/DataMine

DataMine is Turn's data warehouse to address the challenges of information management and analytics.

Primary LanguageJava

DataMine Build Status

DataMine aims to provide a comprehensive solution to the challenges of information management and analytics at Turn. The diagram below illustrates the important components in DataMine.

Basically it is composed of three layers.

  • Storage layer is the foundation of DataMine, which defines a data schema language and provides the implementation of the data serialization / de-serialization on different data storage, such as HDFS or Memory-based File System.

  • I/O Interface represents the data abstraction using a set of APIs, through which the application can get access to the data in the storage.

  • Application layer is composed of an analytical query engine, ETL processes and other applications.
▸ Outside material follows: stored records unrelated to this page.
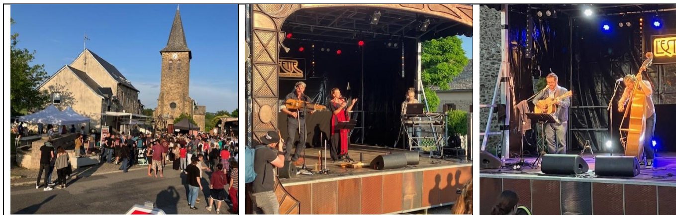
Un petit air rétro à Saint-Martial le 1 er juin ! L'inauguration de la guinguette itinérante « L'Estafette » à agréablement surpris les habitants présents. Du monde, de l'ambiance, une météo parfaite, tous les ingrédients d'une soirée réussie.

Fort d'un constat autour du manque de lieux propices au vivre ensemble en milieu rural, l'Estafette s'illustre comme le nouveau moteur de liens socioculturels. Cette scène itinérante répondra aux besoins pensés conjointement par les porteurs du projet (AJAL, Pollux Association, XFest organisation): autonomie technique, praticité, ergonomie, modularité et esthétique.
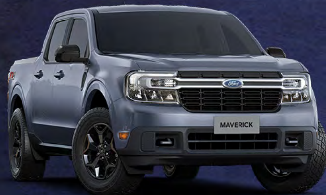
■ PRATA ORVALHO
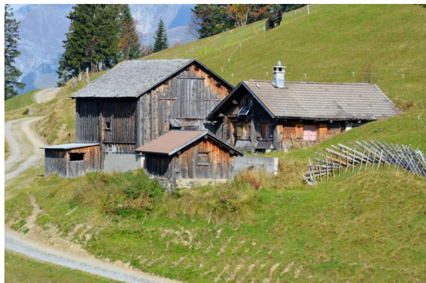
Bestehende Alpgebäude Alp Wiesli

Der Verein Alp Wiesli Furna möchte diese Alpgebäude für Gäste zum Begegnungs- und Verpflegungsort mit Übernachtungsmöglichkeit umnutzen und so ganzjährig «neues Leben» auf den Furner Berg bringen.

DataMine can help the user to build a data warehouse more effectively. All table schema are described in a full-featured schema language (i.e., DataMine IDL), based on which a code generation approach is applied automatically to generate a set of Java classes. The generated code include the implementation of APIs that define the way to access the data. Multiple data formats are supported in DataMine, where a table can be stored in row-based or column-oriented. Therefore, the features of DataMine can be summarized as:

Metadata Driven

In DataMine, a data store (i.e., tableList) has a set of tables. Each table (i.e., table) is composed of records. The table schema (or the record structure) can be described as a tuple, (id, name, type, defaultValue, isRequired, ...).

Please refer to DataMine IDL for more detail.

Schema Evolution (Data Backward-Compatibility)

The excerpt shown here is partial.